Work instruction: Please transcribe the lines below exactly, and leave every image behind.

Top of The data

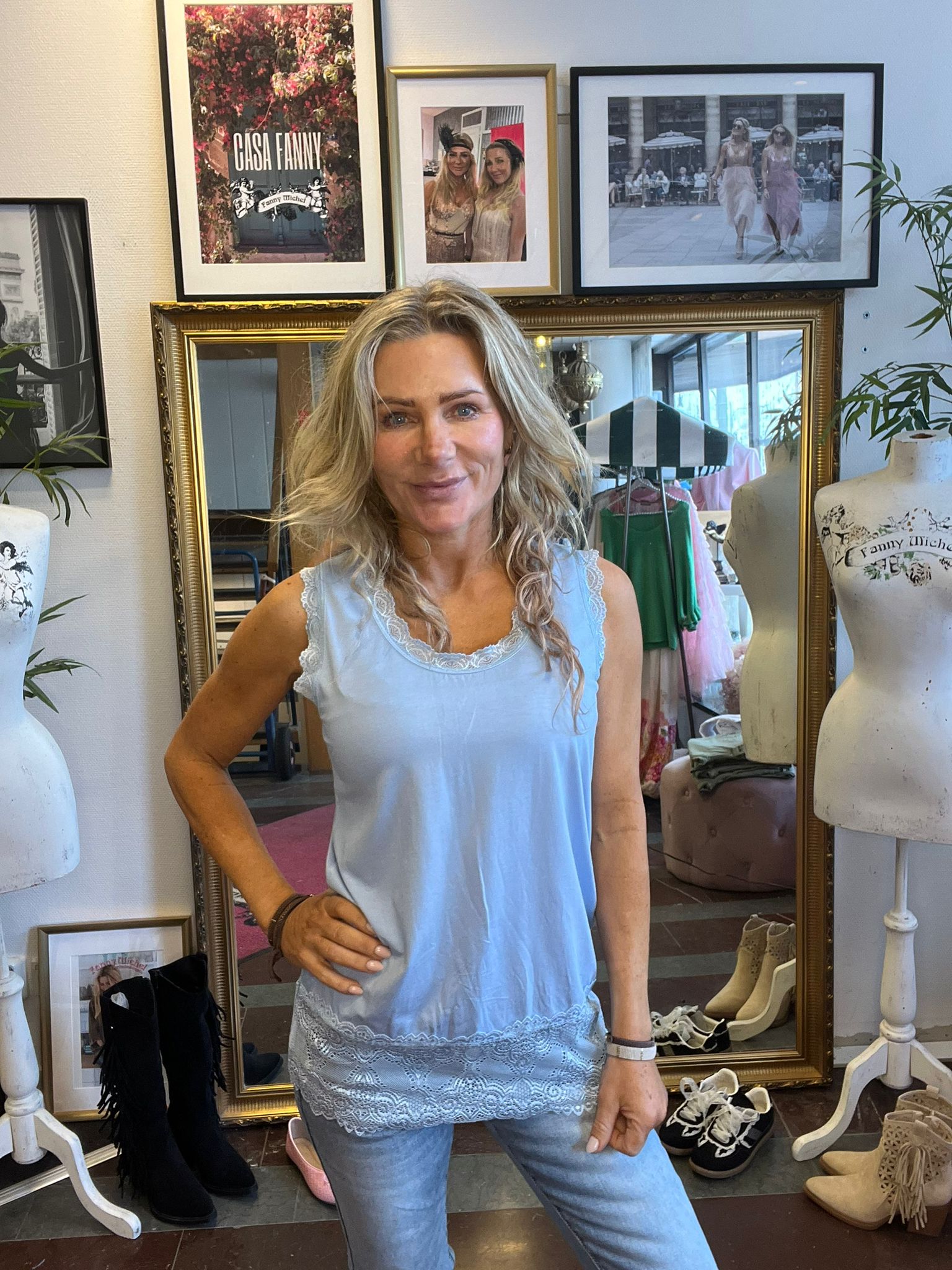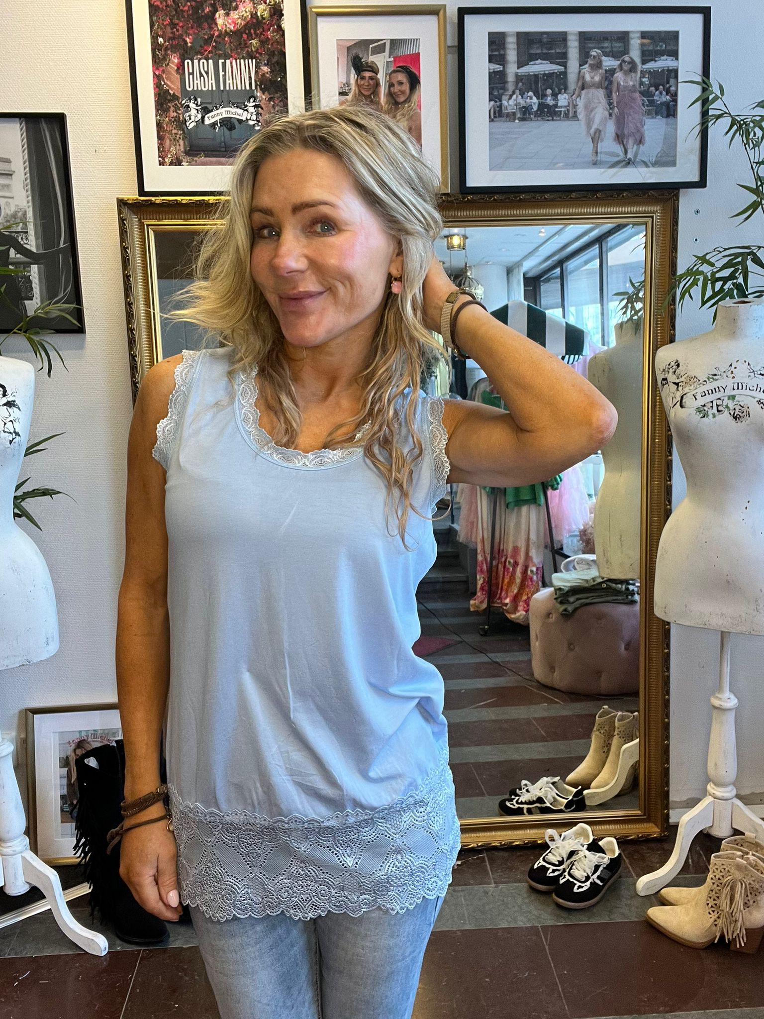 Fint stretchigt linne med spetskanter runt hals och axlar!
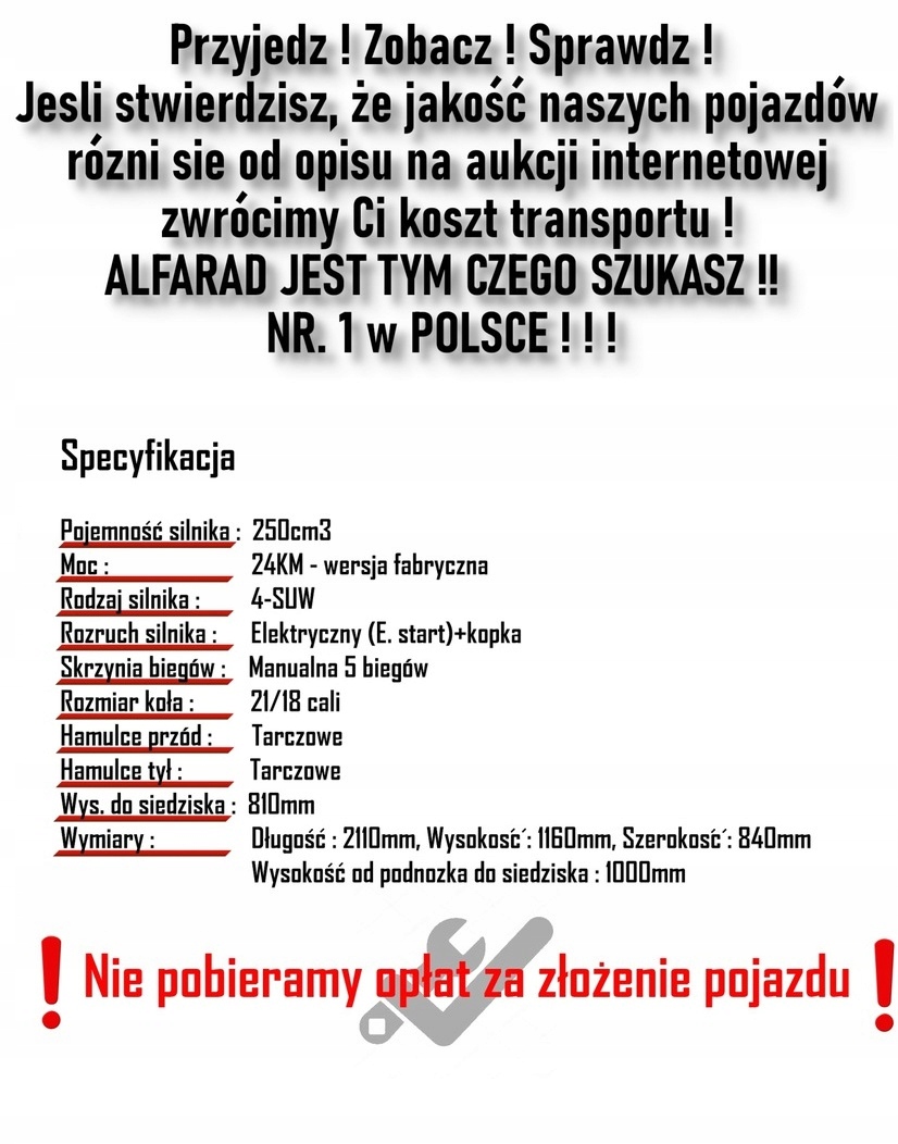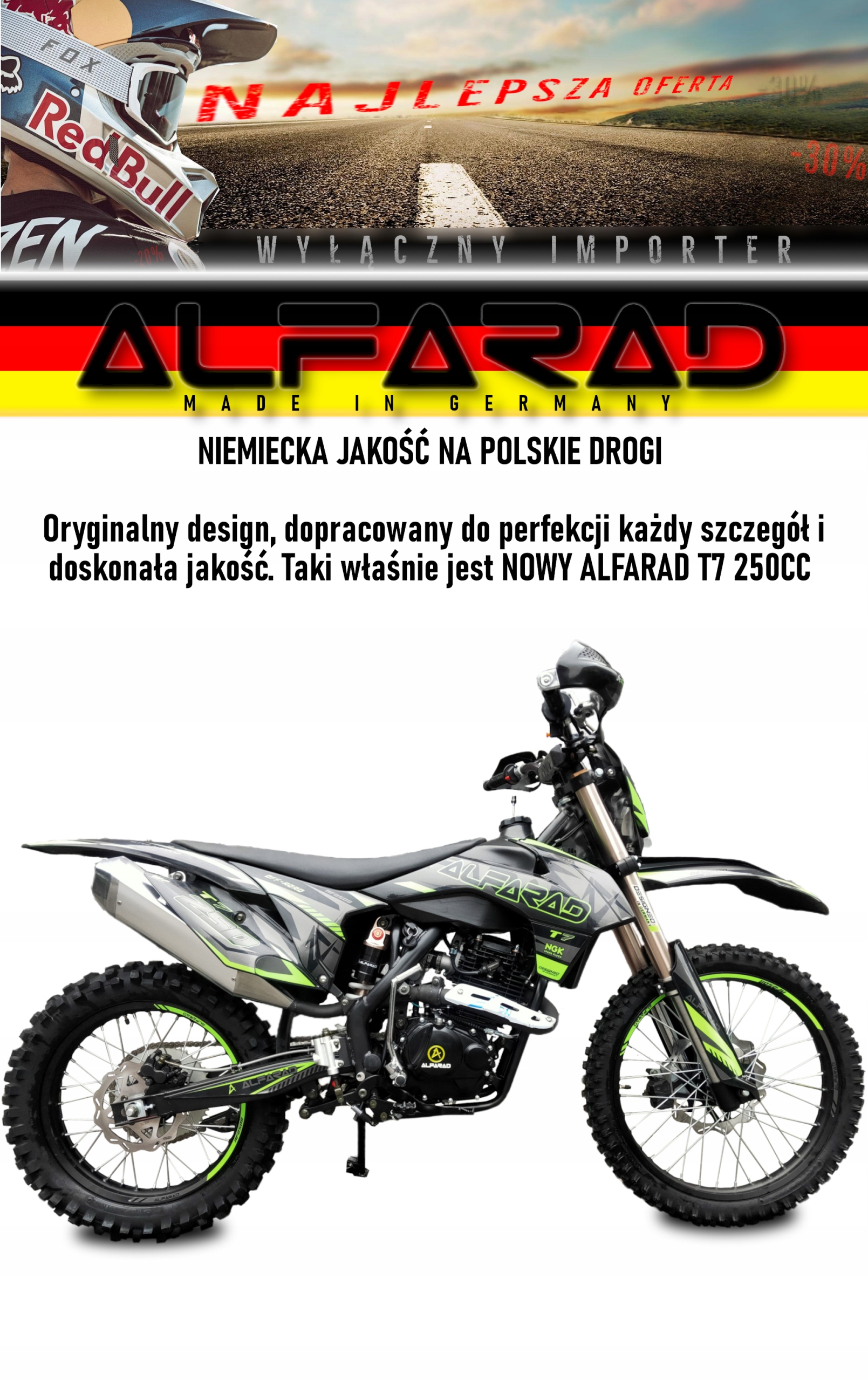 Просматривая «Cross 250 CC Alfarad T7 новый», вы можете быть уверены, что данный товар из каталога «Мотоциклы и квадроциклы» будет доставлен из Польши и проверен на целостность. В цене товара, указанной на сайте, учтена доставка из Польши. Внимание!!! Товары для Евросоюза, согласно законодательству стран Евросоюза, могут отличаться упаковкой или наполнением.
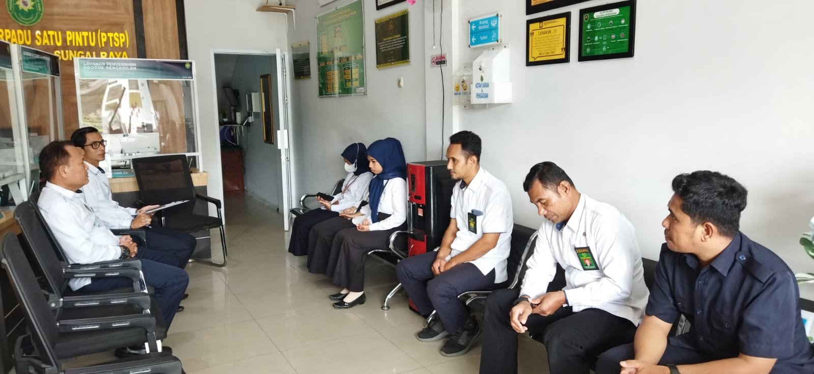 Selain Fauzy Nurlail, S.H., M.H., briefing kali ini juga didampingi oleh Panitera Muda Hukum Pengadilan Agama Sungai Raya, Hamdani, S.Ag., S.Pd. yang pada kesempatannya menyampaikan kepada Petugas PTSP untuk senantiasa memperhatikan penampilan selama jam pelayanan agar menimbulkan kesan yang baik bagi masyarakat. Briefing ditutup dengan himbauan dari Wakil Pengadilan Agama Sungai Raya, Dr. Massadi, S.Ag., M.H., untuk selalu menjaga kebersihan dan kerapian di lingkungan PTSP dengan tidak meletakkan makanan di atas meja dan dengan tidak meletakkan jaket di kursi. (Jasmine)

Bottom of The data

Written answer:
 Fint stretchigt linne med spetskanter runt hals och axlar!
 Просматривая «Cross 250 CC Alfarad T7 новый», вы можете быть уверены, что данный товар из каталога «Мотоциклы и квадроциклы» будет доставлен из Польши и проверен на целостность. В цене товара, указанной на сайте, учтена доставка из Польши. Внимание!!! Товары для Евросоюза, согласно законодательству стран Евросоюза, могут отличаться упаковкой или наполнением.
 Selain Fauzy Nurlail, S.H., M.H., briefing kali ini juga didampingi oleh Panitera Muda Hukum Pengadilan Agama Sungai Raya, Hamdani, S.Ag., S.Pd. yang pada kesempatannya menyampaikan kepada Petugas PTSP untuk senantiasa memperhatikan penampilan selama jam pelayanan agar menimbulkan kesan yang baik bagi masyarakat. Briefing ditutup dengan himbauan dari Wakil Pengadilan Agama Sungai Raya, Dr. Massadi, S.Ag., M.H., untuk selalu menjaga kebersihan dan kerapian di lingkungan PTSP dengan tidak meletakkan makanan di atas meja dan dengan tidak meletakkan jaket di kursi. (Jasmine)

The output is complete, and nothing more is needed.